MAC-based forwarding

DSR uses MAC-based forwarding, which needs to be enabled because it’s disabled by default. To enable MAC-based forwarding in NetScaler:

  1. Click the Configuration tab > System > Settings > Configure modes.
  2. Select the MAC-based forwarding mode and click OK.

These steps can be done through CLI as well; use the enable ns mode mbf command.

Load balancing

Next, the load balancing feature needs to be enabled because it’s disabled by default, too.

  1. Navigate to System > Settings. In Configure Basic Features, select Load Balancing.

The CLI command is enable ns feature lb.

Server object

A server-object needs to be created for each load-balanced server.

  1. Click the Configuration tab > Traffic Management > Load Balancing Servers > Add.
  2. You will need the server name and the IP address of the server.

The CLI command is add server Serverx y.y.y.y.

Services

Each service offers one or more services (such as HTTP, DNS, MySQL, and so on). NetScaler load balances traffic across services, not across servers. A service with the protocol ANY needs to be created, as well as a basic monitor, and Use Source IP (USIP) needs to be enabled. The service has to be tied to a server on a specific port (in the example, port 80).

  1.  Click the Configuration tab > Traffic Management > Load Balancing> > Services > Add.
  2. Select the appropriate services and click OK.

The CLI command is add service ANY_serverx_service serverx ANY 80 -usip Yes.

Virtual Server

A virtual server that balances traffic to one or more of the virtual services is required.
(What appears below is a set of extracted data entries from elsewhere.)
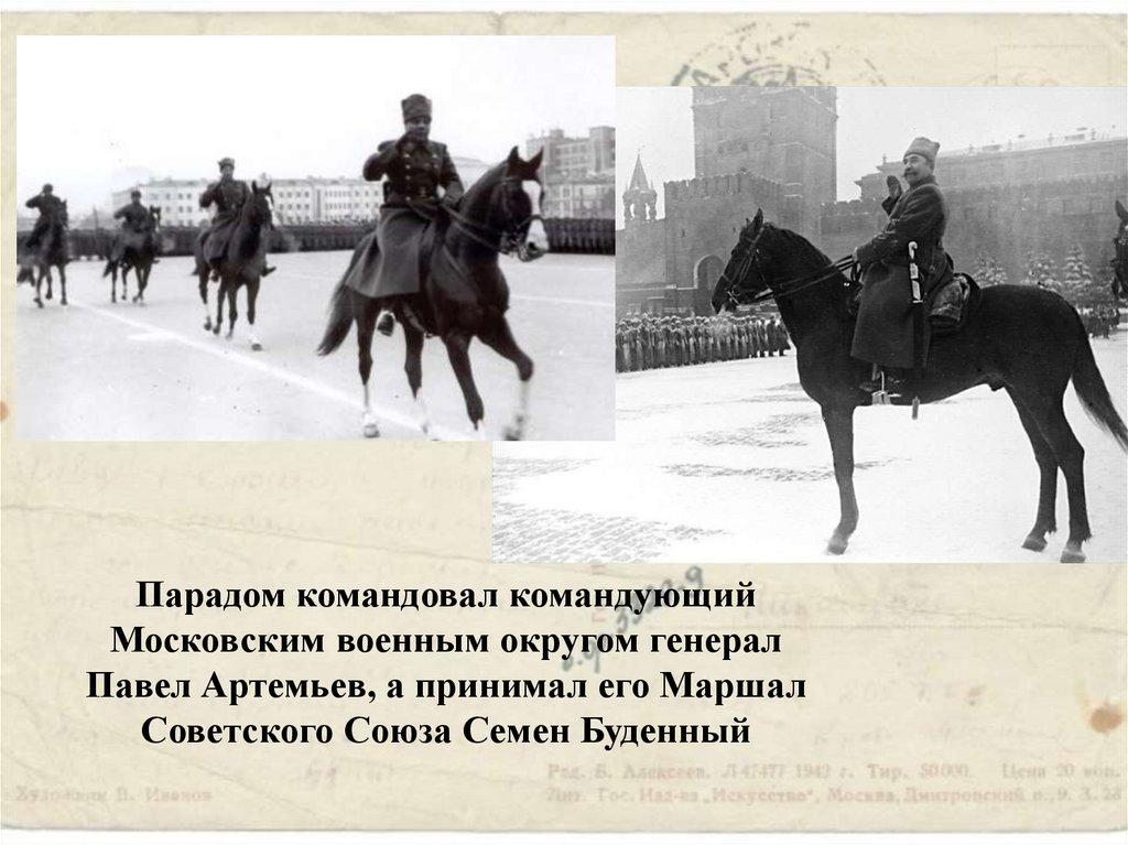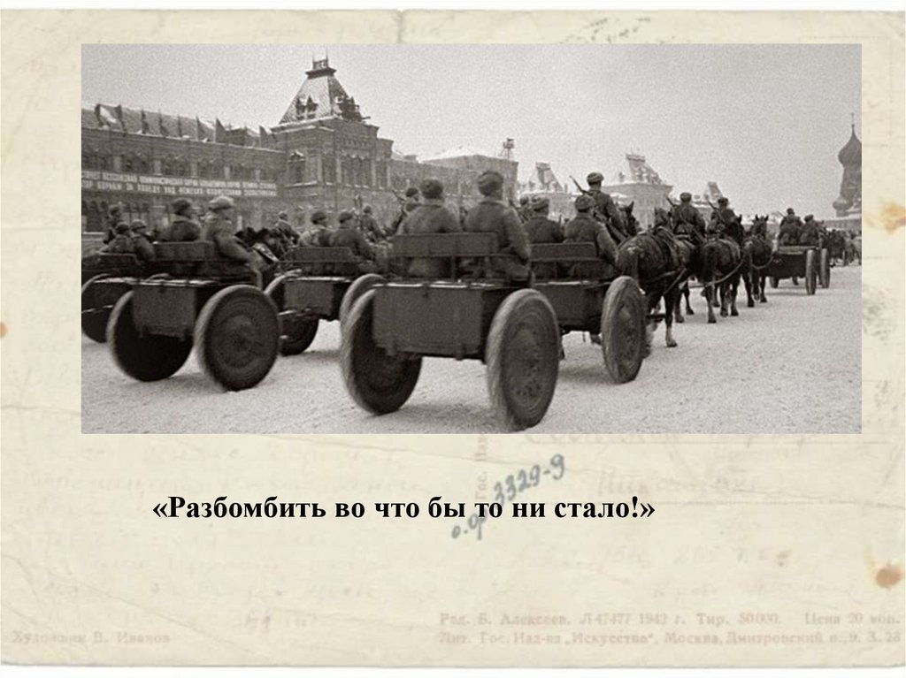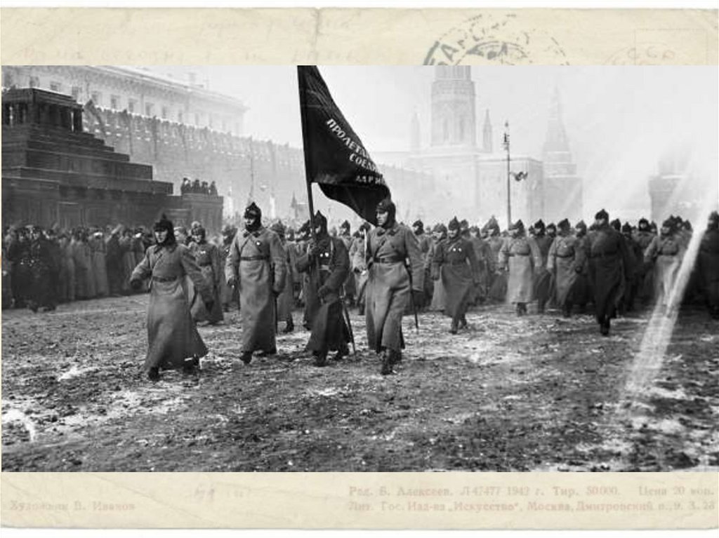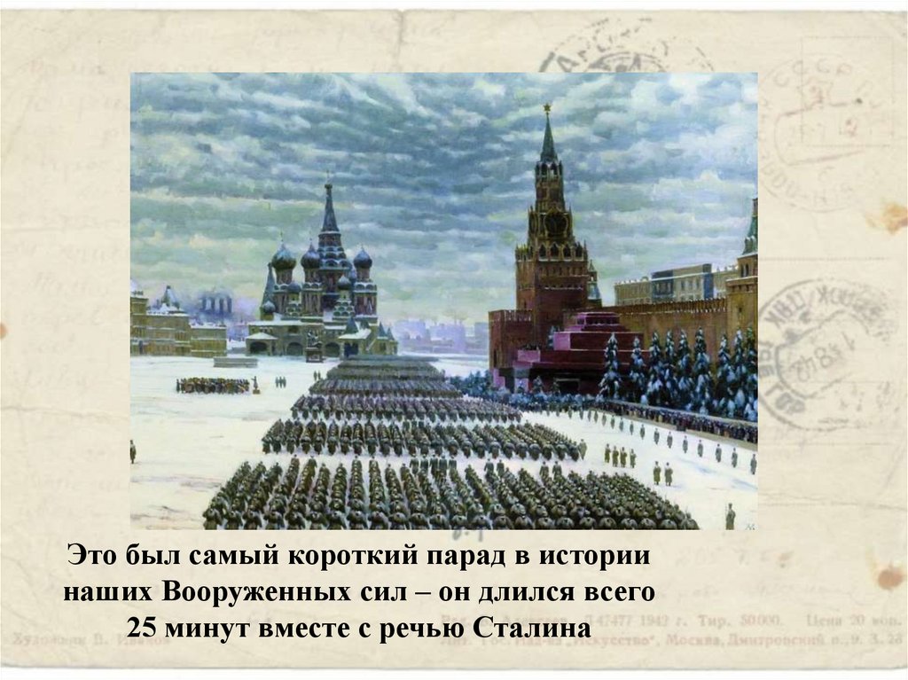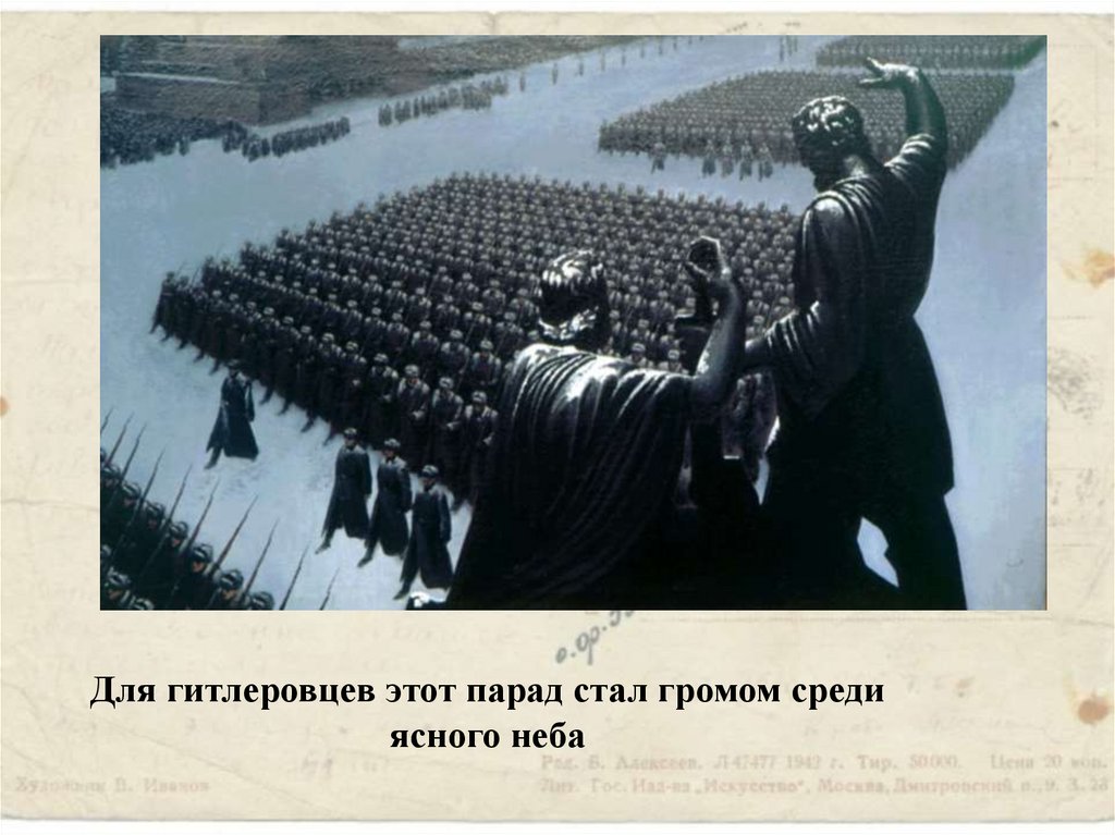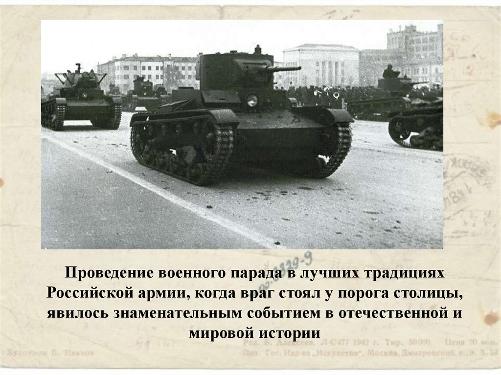 Проведение военного парада в лучших традицияхРоссийской армии, когда враг стоял у порога столицы,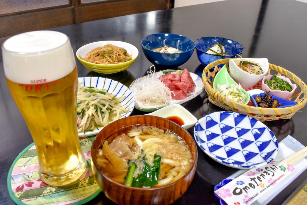 富士吉田市の「古民家やまと.」のランチは8種類の小鉢が並ぶおまかせ盛り籠ランチ。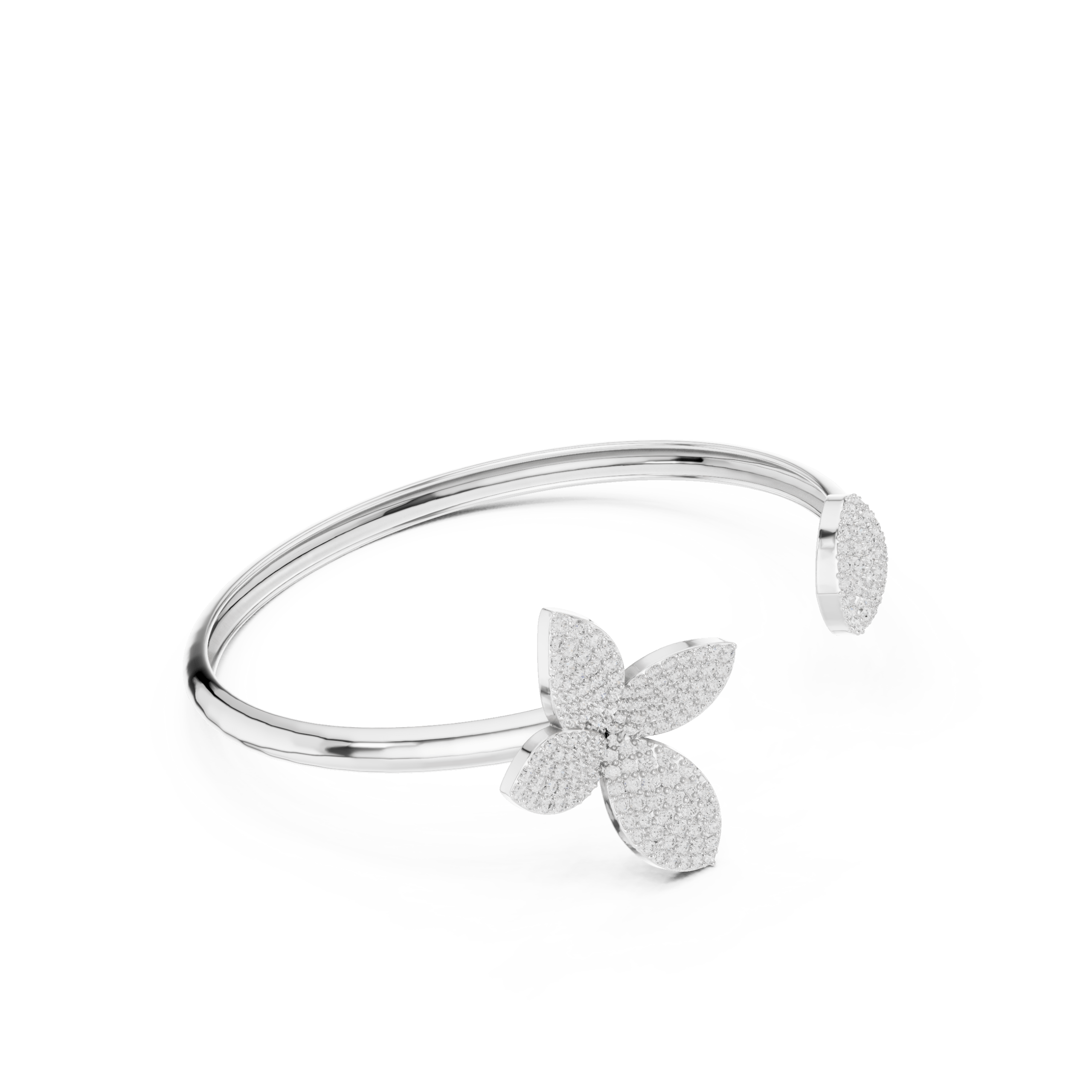 Elegant diamond butterfly open bangle crafted in rose gold, also available in white gold and yellow gold. A timeless luxury design perfect for everyday wear or gifting.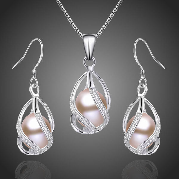 Elegantný náhrdelník a náušnice v kombinácii s ružovou riečnou perlou uloženou v točenom ladnom prívesku. Vďaka galvanizácii platinou si zachováva dlhotrvajúci lesk a jas. Bez obsahu niklu, olova, kadmia. Antialergické.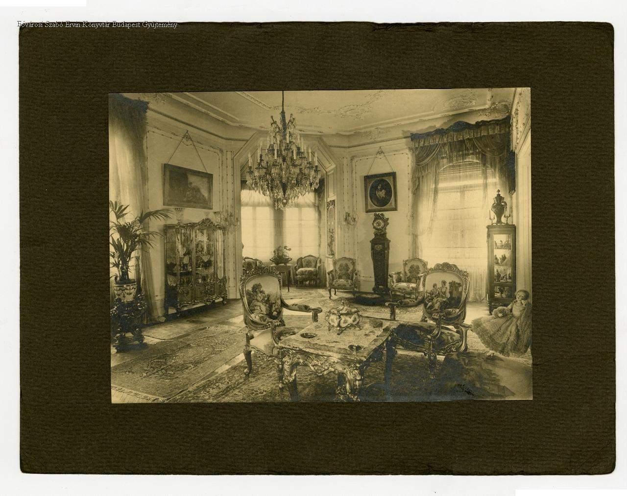 lakás, lakóhelyiség, nappali szoba, bútor, festmény, fénykép, lámpa, játékszer, függöny, szőnyeg, épületkép, belső felvétel, 1930-as évek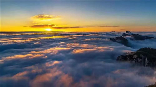 早晨,初升的太陽給云海鑲了一道金邊,云海日出,旭日祥光,開啟了白云山最美的一天。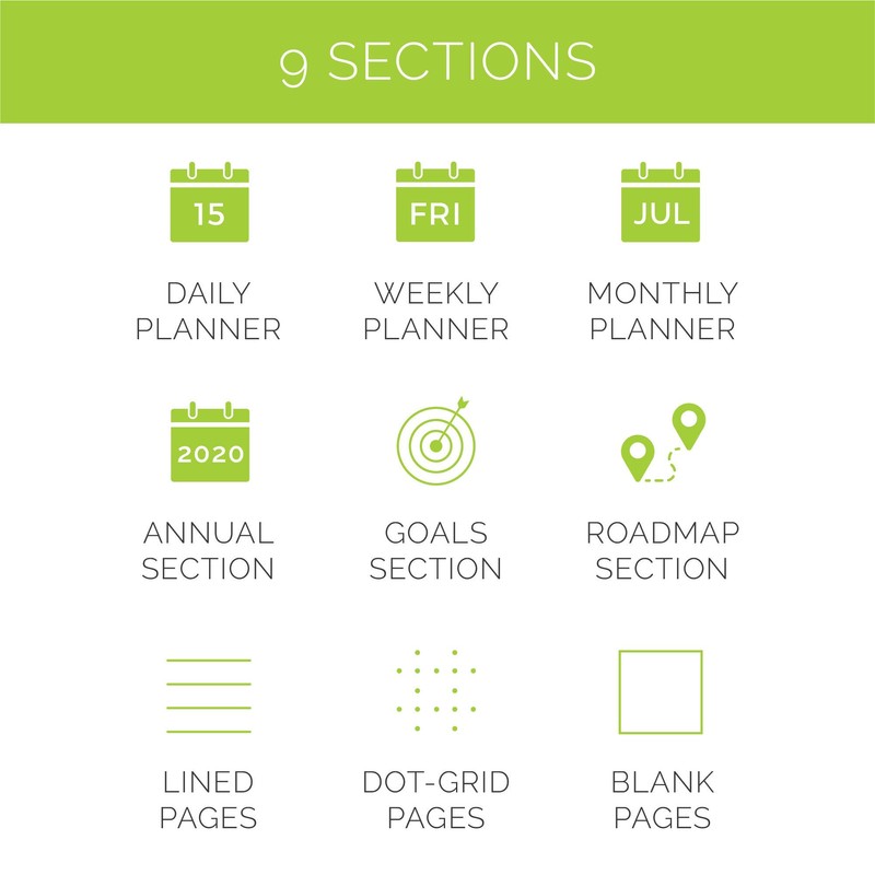 • FIVE SECTIONS, ENDLESS PRODUCTIVITY - The Goals section helps you plan quarterly/annual goals. The Monthly section has classic month-overview. The Weekly Section helps you reflect on the past week and optimize the next 7 days. The Daily section is where your day-to-day tasks will go. Finally the Notes section has dotted, lined and blank pages for whatever you need.

The protocol chosen should be ANY (just like the service), the load balancing method is Source IP Hash and the redirection mode is MAC based (aka, MAC-based forwarding). It is recommended to make the virtual server Sessionless, as no return traffic passes the NetScaler.

  1. From the Configuration Utility, navigate to Traffic Management > Load Balancing > Virtual Servers and fill in the required fields

From the CLI, run the following commands to create the load balancing virtual server:

add lb vserver <VServer_Name> ANY <IP_Address> * -m MAC <-connfailover STATELESS>

add lb vserver DSR ANY -M MAC -connfailover stateless

add lb vserver vserver_DSR ANY 10.0.0.11 80 -lbmethod SOURCEIPHASH -m MAC -sessionless ENABLED

Be aware that for certain services (such as FTP), you need to enable connection failover, stateless.

Lastly, bind the service to the virtual server by running the following command via CLI (may not need to be done if you previously bound the services via GUI on service creation):

CLI command is bind lb vserver vserver_DSR service_Server1_ANY.